In other words, whether from the perspective of capital investment or technology research and development investment, GM attaches more importance to the future travel field than the traditional car-making field. So, what achievements has GM made in the future travel field after working so hard?
According to public information, in 20 16, GM acquired the self-driving cruise company, which has grown from 40 employees to 2,000 employees today. At the same time, Cruise introduced new strategic investors on 20 18: Softbank and Honda. Cruise, the prototype of the driverless car, was released in San Francisco in June 2020. Origin. At present, Cruise has been in the leading position on the driverless track.

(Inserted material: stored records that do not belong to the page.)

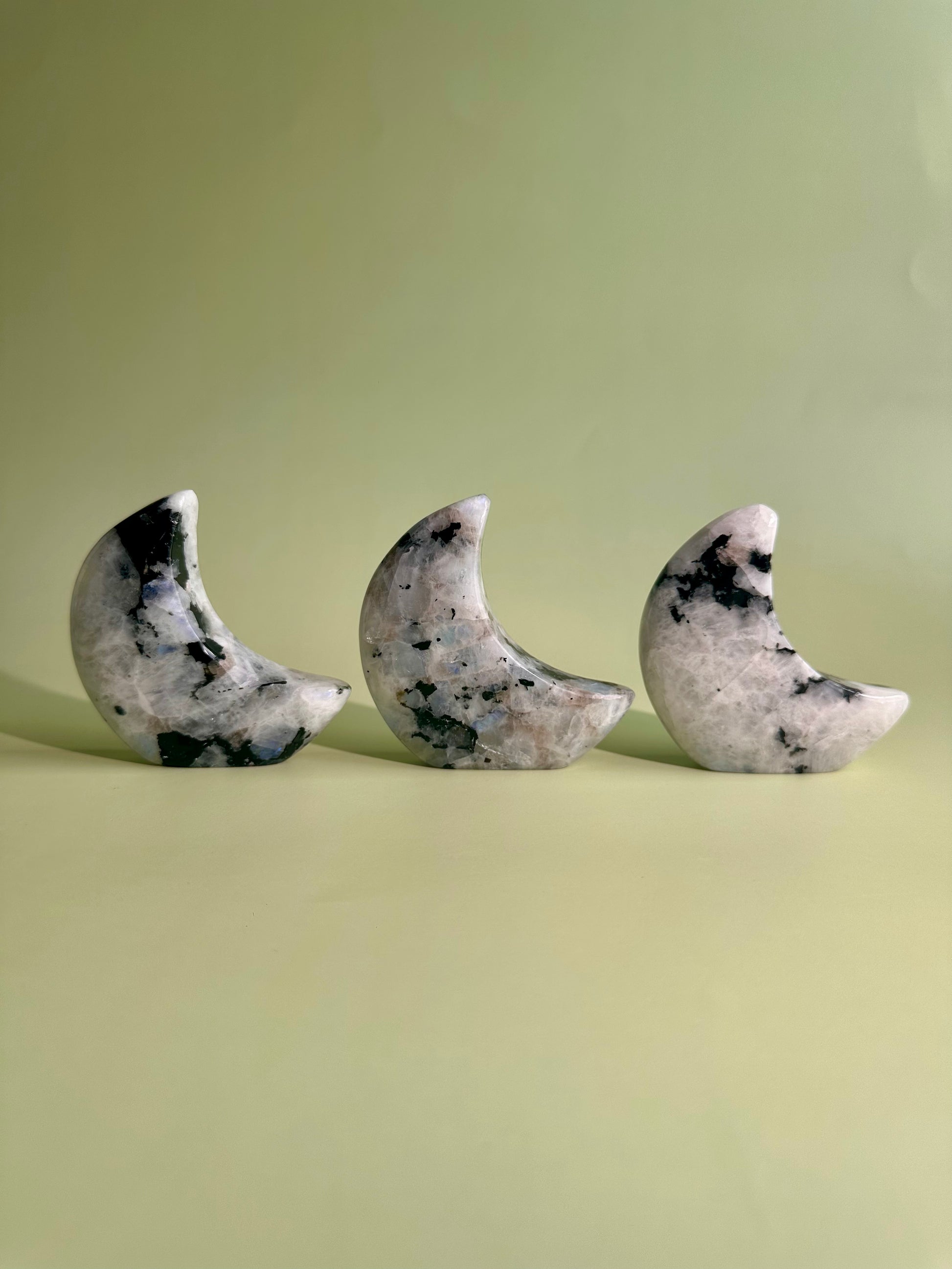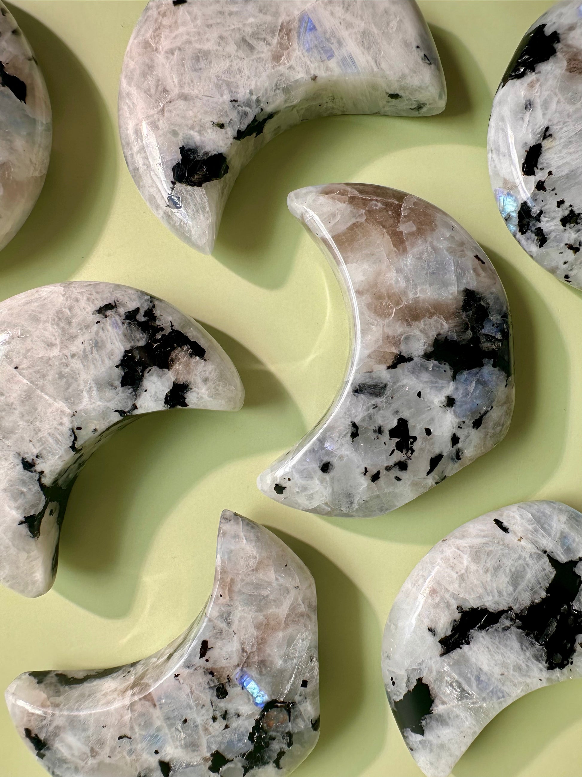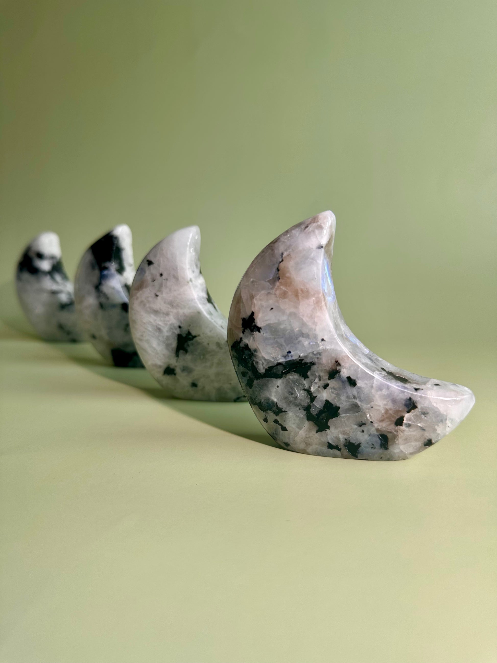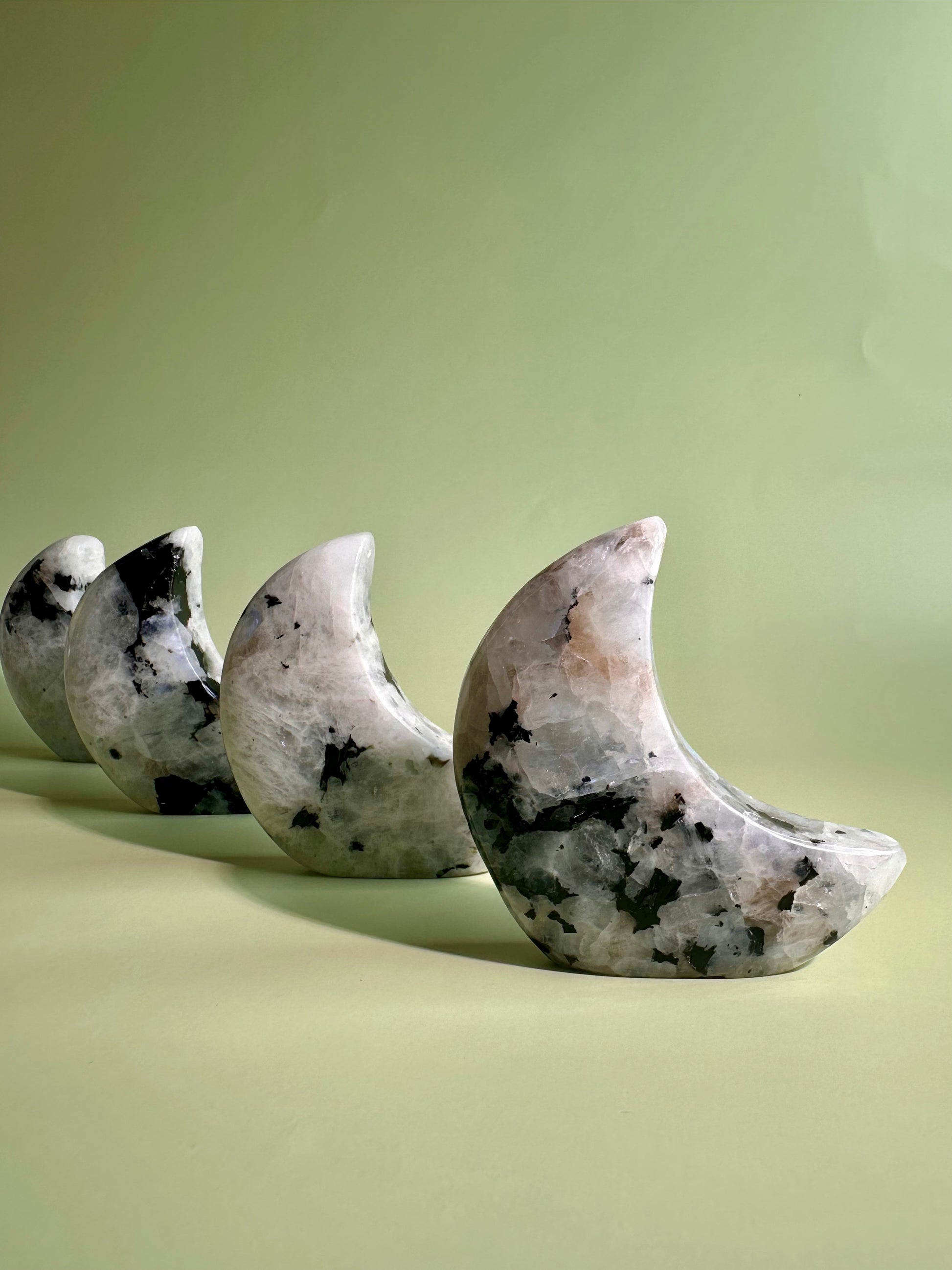 You will receive 1 intuitively chosen Rainbow Moonstone Standing Moon Carving.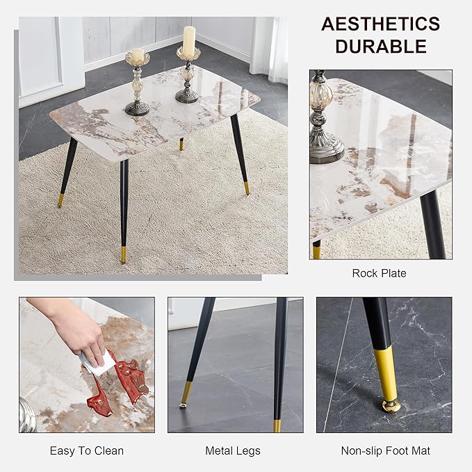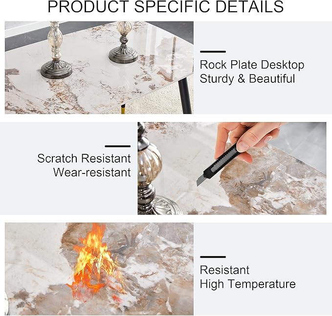- Easy to Clean and Maintain: Enjoy hassle-free upkeep with the sintered stone tabletop, requiring simple wiping for effortless cleaning, ensuring your dining area stays pristine.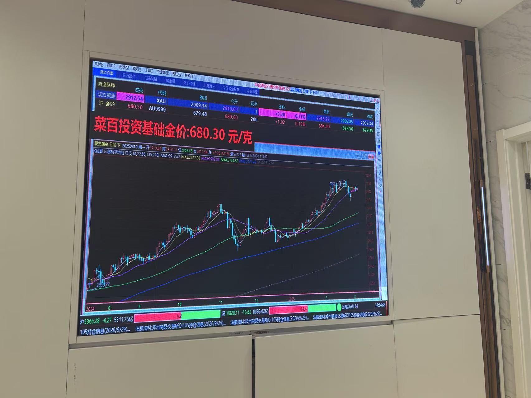 菜百商场的墙上,挂有金价实时金价。3月10日当天的金价在680元每克左右。新京报贝壳财经记者姜樊摄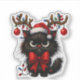 Sticker Grumpy Christmas Cat with Santa Hat and Antlers

In 20 17, GM announced the acquisition of Strobe, a lidar technology company, to develop the next generation lidar solution for self-driving cars.
20 16 GM launched Maven*** car-sharing service to arrange travel and car * * *; And bought Raffles, the second largest taxi service company in America, for $500 million? 9% equity; At the same time, it is announced that it will cooperate with Uber, and Uber drivers will lease GM vehicles every week to expand GM's after-sales business.
In terms of electrification, GM and LG set up a joint venture to build a battery factory. In 2020, General Motors announced that it would invest $2.2 billion in the Detroit-Hamtramck plant to produce various brands of pure electric trucks and SUV models, including the new GMC Hummer. In the third quarter of 20021,GM's pure electric pickup truck will be put into production.
Shrink the traditional car-making business and continue to expand the future travel business. Obviously, for GM, what is going on now is a "gamble". If you win the bet, then GM will definitely become one of the leaders in the future travel field. If you lose the bet, GM's recovery will be greatly affected.
This article comes from car home, the author of the car manufacturer, and does not represent car home's position.